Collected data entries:
..............................
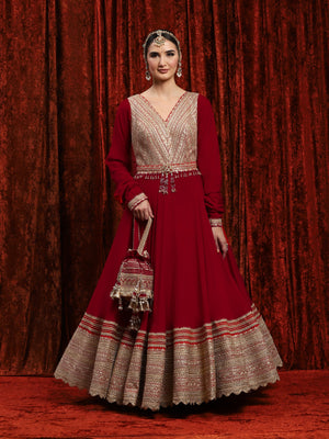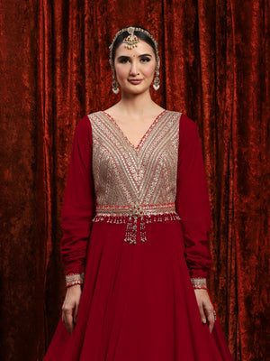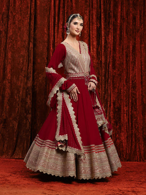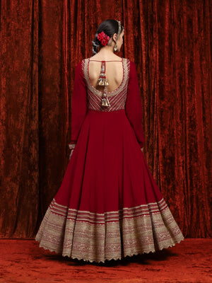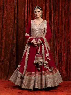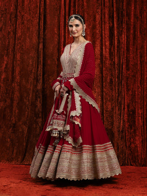 Embrace timeless elegance in our exquisite red silk chanderi anarkali suit, meticulously adorned with intricate gota, dori and badla work. Whispering tradition and craftsmanship, the delicate tassel embellishments add a touch of elegance. Paired with a matching georgette dupatta, also adorned with tassel detailing, this ensemble exudes grace and allure. The look is elegantly finished with a coordinating belt, adding a final touch of refinement.
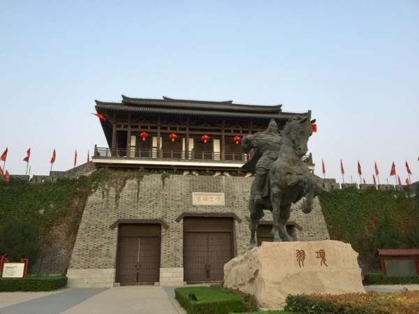 走進項王故里,迎面豎立著一座石牌坊,上書「項王故里」四個大字。牌坊建在古黃河大堤上,主體建築在堤下,居高臨下,整個建築群盡收眼底。
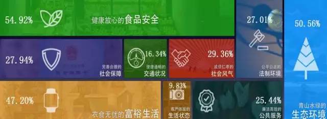 重視“舌尖上的安全”,提到“全面小康社會(huì)”最期待的圖景,“健康放心的食品安全”(54.92%)最被百姓看重。其次,山青水綠的生態(tài)環(huán)境(50.56%)和衣食無(wú)憂的富裕生活(47.20%)也很重要。
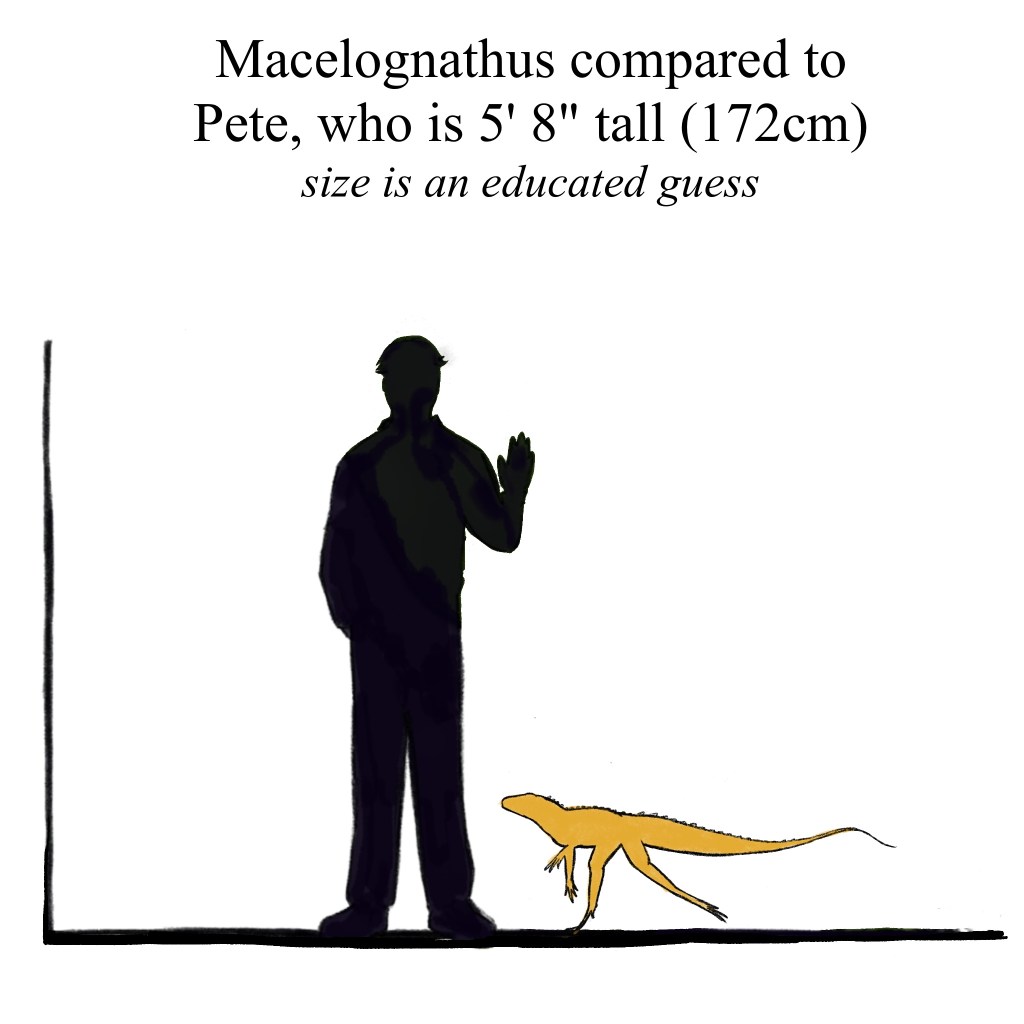 - Macelognathus was first thought to be a relative to turtles, but since then many have debated which family it would join for a family reunion. Dinosauria, Reptilia, Ornithischia (plant-eating dinos), Hypsilophodontidae (small, two-legged vegetarian dinos with beaks), and finally Crocodilians. More recent fossil finds place Macelognathus in a group closely related to crocodiles known as Sphenosuchia.
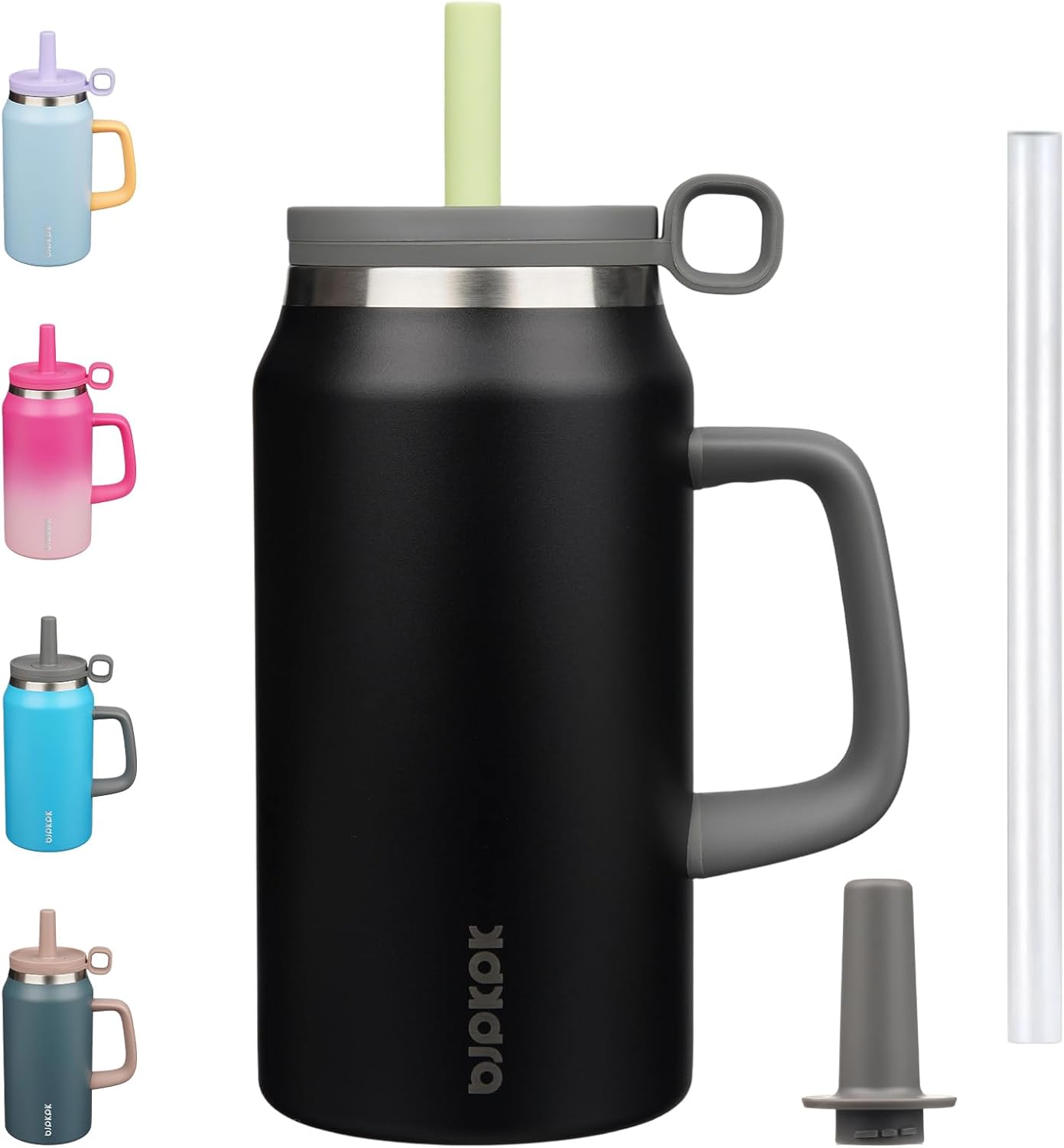 BJPKPK 50oz Insulated Tumbler with Handle Stainless Steel Travel Coffee Mug with Lid Reusable Large Water Bottle with Straw,Black
..............................
Exercise requirements:
Return the preceding entries exactly, each word as given, but leave out any picture.

Answer:
 Embrace timeless elegance in our exquisite red silk chanderi anarkali suit, meticulously adorned with intricate gota, dori and badla work. Whispering tradition and craftsmanship, the delicate tassel embellishments add a touch of elegance. Paired with a matching georgette dupatta, also adorned with tassel detailing, this ensemble exudes grace and allure. The look is elegantly finished with a coordinating belt, adding a final touch of refinement.
 走進項王故里,迎面豎立著一座石牌坊,上書「項王故里」四個大字。牌坊建在古黃河大堤上,主體建築在堤下,居高臨下,整個建築群盡收眼底。
 重視“舌尖上的安全”,提到“全面小康社會(huì)”最期待的圖景,“健康放心的食品安全”(54.92%)最被百姓看重。其次,山青水綠的生態(tài)環(huán)境(50.56%)和衣食無(wú)憂的富裕生活(47.20%)也很重要。
 - Macelognathus was first thought to be a relative to turtles, but since then many have debated which family it would join for a family reunion. Dinosauria, Reptilia, Ornithischia (plant-eating dinos), Hypsilophodontidae (small, two-legged vegetarian dinos with beaks), and finally Crocodilians. More recent fossil finds place Macelognathus in a group closely related to crocodiles known as Sphenosuchia.
 BJPKPK 50oz Insulated Tumbler with Handle Stainless Steel Travel Coffee Mug with Lid Reusable Large Water Bottle with Straw,Black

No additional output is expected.